• [WHAT THE EXERCISE ASKS]
Please reproduce the listing verbatim, without its images.

• [DATA SHOWN]
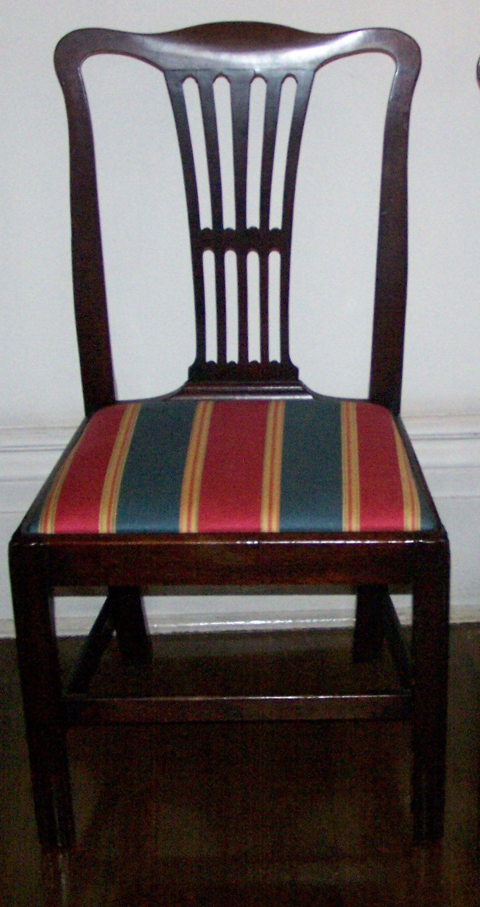 Irish, ca 1770. George III Chippendale style mahogany dining chair (one of six). Curved bow shape at top of frame from which five narrow slats joined in the middle form a splat. Front legs straight, sightly tapered. Back legs curve very slightly. Gift of Mrs. Edwin M. Jones, Mr. & Mrs. Ike S. Kampmann, Sr., Mrs. William Moyse Ratliff, Mrs. Lewis DuPont
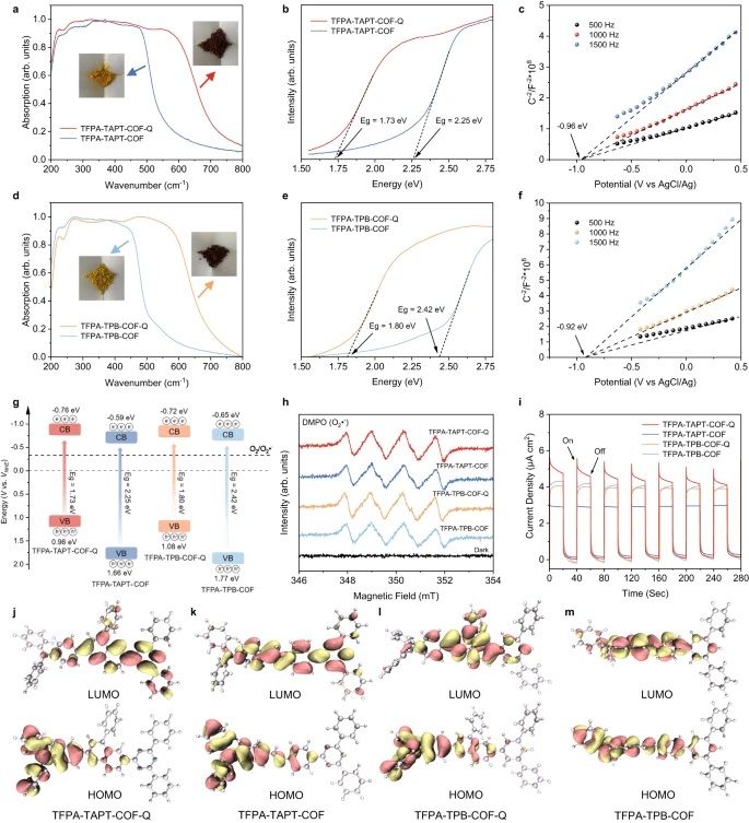 6)EPR实验在可见光照射下检测到DMPO-O2•-加合物的特征信号,表明TFPA-TAPT-COF-Q和TFPA-TPB-COF-Q能够光催化产生超氧自由基。瞬态光电流响应曲线显示TFPA-TAPT-COF-Q具有更高的光电流强度,表明其具有更高的电荷分离效率。
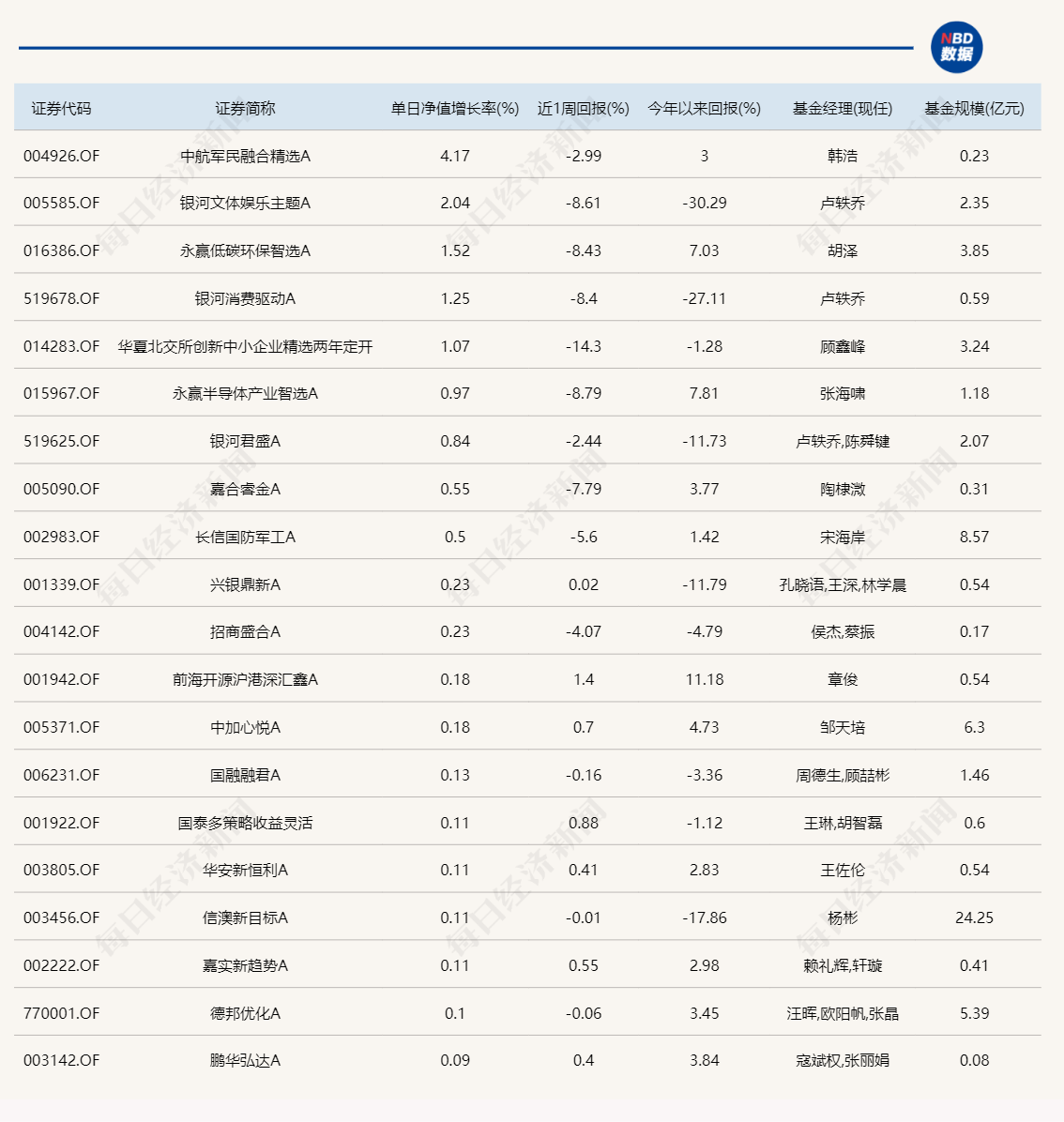 不到50只主动基金收涨 这只军工主题产品凭啥逆势大涨4%?
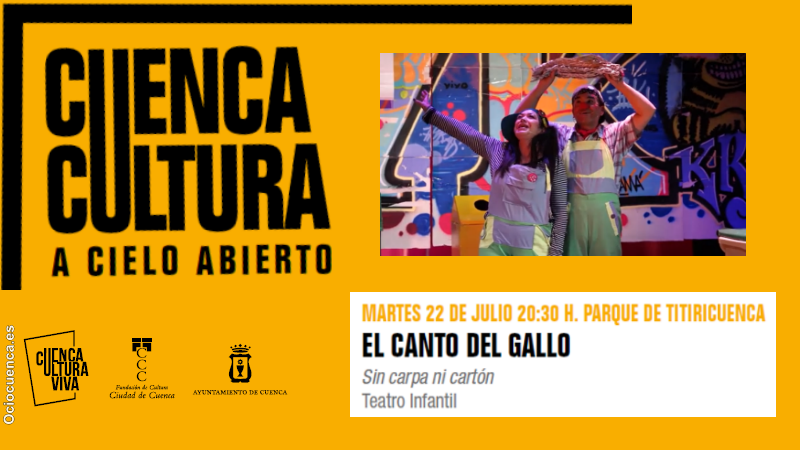 Dentro del ciclo Cuenca Cultura a Cielo Abierto, la compañía El Canto del Gallo nos invita a disfrutar de “Sin Carpa ni Cartón”, un espectáculo de teatro clown familiar que aúna el humor escénico con un hondo mensaje de educación ambiental.
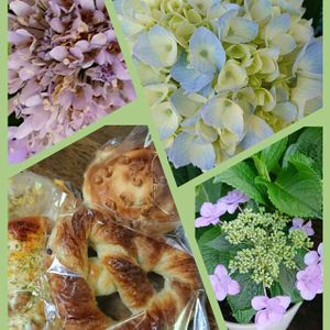 今日行ったパン屋さんの玄関で咲いていました🎵
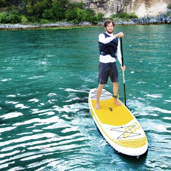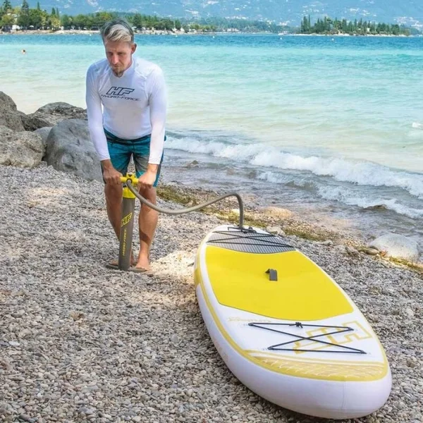 Sup Paddle gonflable Hydro Force Cruiser Tech 10.6 OCCASION Grâce aux nouveaux SUP fabriqués par Bestway, cette saison sera le moment idéal pour essayer! Et parce que les paddles sont gonflables, vous pouvez les emporter partout avec vous. Votre planche, accompagnée d’une pompe, d’un sac de transport, d’un leash et d’une pagaie, vous voilà paré pour explorer les océans! Le SUP gonflable Cruiser Tech, nouveauté 2018 est parfait pour les poids jusqu’à 120 kg. Sa rigidité vous surprendra grâce à ses 15 cm d’épaisseur.C’est le préféré de l’équipe Nootica.

• [COMPLETED TASK]
 Irish, ca 1770. George III Chippendale style mahogany dining chair (one of six). Curved bow shape at top of frame from which five narrow slats joined in the middle form a splat. Front legs straight, sightly tapered. Back legs curve very slightly. Gift of Mrs. Edwin M. Jones, Mr. & Mrs. Ike S. Kampmann, Sr., Mrs. William Moyse Ratliff, Mrs. Lewis DuPont
 6)EPR实验在可见光照射下检测到DMPO-O2•-加合物的特征信号,表明TFPA-TAPT-COF-Q和TFPA-TPB-COF-Q能够光催化产生超氧自由基。瞬态光电流响应曲线显示TFPA-TAPT-COF-Q具有更高的光电流强度,表明其具有更高的电荷分离效率。
 不到50只主动基金收涨 这只军工主题产品凭啥逆势大涨4%?
 Dentro del ciclo Cuenca Cultura a Cielo Abierto, la compañía El Canto del Gallo nos invita a disfrutar de “Sin Carpa ni Cartón”, un espectáculo de teatro clown familiar que aúna el humor escénico con un hondo mensaje de educación ambiental.
 今日行ったパン屋さんの玄関で咲いていました🎵
 Sup Paddle gonflable Hydro Force Cruiser Tech 10.6 OCCASION Grâce aux nouveaux SUP fabriqués par Bestway, cette saison sera le moment idéal pour essayer! Et parce que les paddles sont gonflables, vous pouvez les emporter partout avec vous. Votre planche, accompagnée d’une pompe, d’un sac de transport, d’un leash et d’une pagaie, vous voilà paré pour explorer les océans! Le SUP gonflable Cruiser Tech, nouveauté 2018 est parfait pour les poids jusqu’à 120 kg. Sa rigidité vous surprendra grâce à ses 15 cm d’épaisseur.C’est le préféré de l’équipe Nootica.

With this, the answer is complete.